Allah’ın va’adine iman ve itimat, en büyük güç kaynağıdır. İşte aşağıdaki ayetler bu gerçeği anlatmaktadır:
“(O dönek ve ödlek münafıklar var ya) Sana bir hasene (iyilik ve izzet) ulaşsa, bu onları kötüleştirir (ve kederlendirir. Ama) Eğer Sana (kötü) bir musibet dokunsa “Oh, iyi ki biz önceden tedbirimizi alıp (bunlardan ayrılmıştık)” diye sevinip ferahlanarak dönüp giden (kimseler)dir.” (Tevbe: 50)
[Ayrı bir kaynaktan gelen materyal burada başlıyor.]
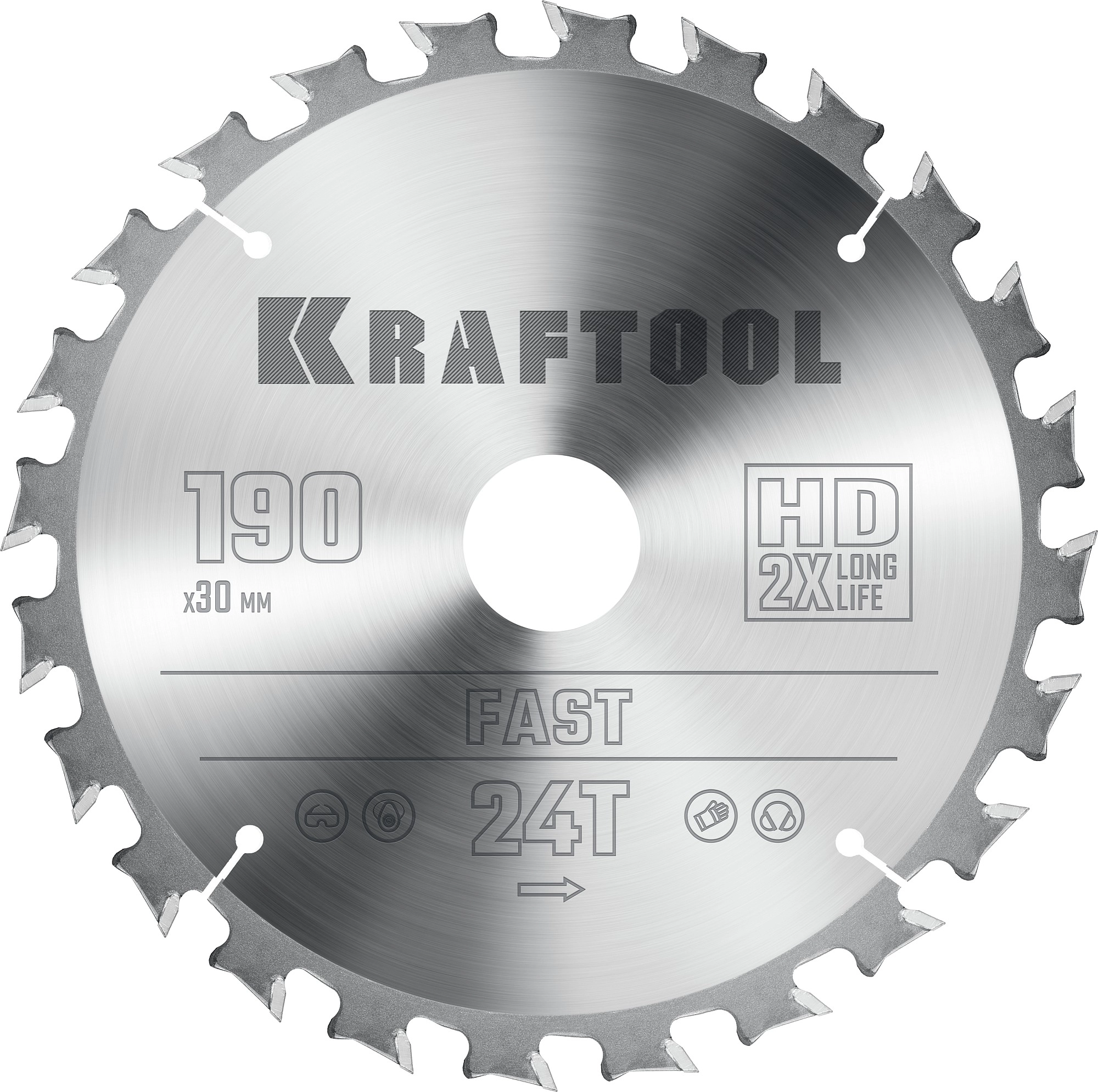 ПроизводителиДиск пильный 190х30х24Т по дереву "Fast" (36950-190-30) KRAFTOOL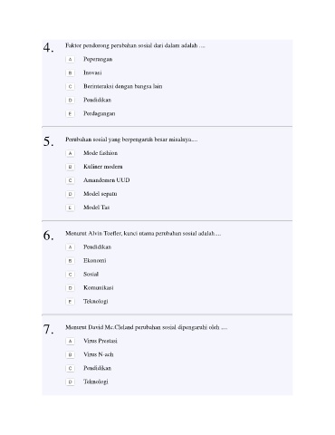 6.      Menurut Alvin Toefler, kunci utama perubahan sosial adalah....

“De ki: “Allah’ın bizim için yazdıkları dışında, bize kesinlikle hiçbir şey isabet etmeyecektir. O bizim Mevlâ’mızdır. Ve mü’minler yalnızca Allah’a tevekkül etmelidirler.” (Tevbe: 51)
“De ki: (Ey inkârcılar ve münafıklar!) “Siz bizim başımıza, ancak (dünyada zafer ve saadet, ahirette ise cennet gibi) iki güzellikten birinin (dışında herhangi bir şeyin) gelmesini gözleyebilir misiniz? (Hayır, çünkü Allah, mücahit ve müstakim mü’minler aleyhindeki kurgu ve kuruntularınızı sonunda boşa çıkarıverecektir. Bu nedenle) Biz ise, şüphesiz Allah’ın Kendi katından veya bizim ellerimizle size bir azap indirmesini (zaten) gözleyip beklemekteyiz. Öyle ise bekleyin bakalım, çünkü Biz de sizinle beraber gözetleyip duruyoruz.” (Tevbe: 52)
“De ki: “(Malınızı) İster gönüllü ister gönülsüz infak edin; (bunlar) sizden kesin olarak kabul edilmeyecektir. (Çünkü Allah, kötü niyetinizi bilmektedir.) Gerçekten siz bir fasıklar topluluğu (günah ve kötülük grubu) oldunuz.” (Tevbe: 53)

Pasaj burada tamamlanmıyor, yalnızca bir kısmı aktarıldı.